**EXERCISE AIM:**
From the entries below, output the line with "4、创建完成后,专注页面将呈" and each following line up to and including the line with "Fototapeta - Nowoczesna", exactly as written.

··· INFORMATION PROVIDED ···

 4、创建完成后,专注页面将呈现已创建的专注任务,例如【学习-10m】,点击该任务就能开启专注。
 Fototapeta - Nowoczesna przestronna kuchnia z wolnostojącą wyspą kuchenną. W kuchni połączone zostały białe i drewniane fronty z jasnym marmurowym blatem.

···
··· INFORMATION PROVIDED ···

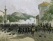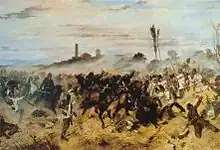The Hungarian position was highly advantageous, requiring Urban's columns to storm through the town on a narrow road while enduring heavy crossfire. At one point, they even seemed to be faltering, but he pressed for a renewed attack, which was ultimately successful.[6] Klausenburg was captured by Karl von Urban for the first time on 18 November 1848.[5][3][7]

···

**SOLUTION BELOW:**
 4、创建完成后,专注页面将呈现已创建的专注任务,例如【学习-10m】,点击该任务就能开启专注。
 Fototapeta - Nowoczesna przestronna kuchnia z wolnostojącą wyspą kuchenną. W kuchni połączone zostały białe i drewniane fronty z jasnym marmurowym blatem.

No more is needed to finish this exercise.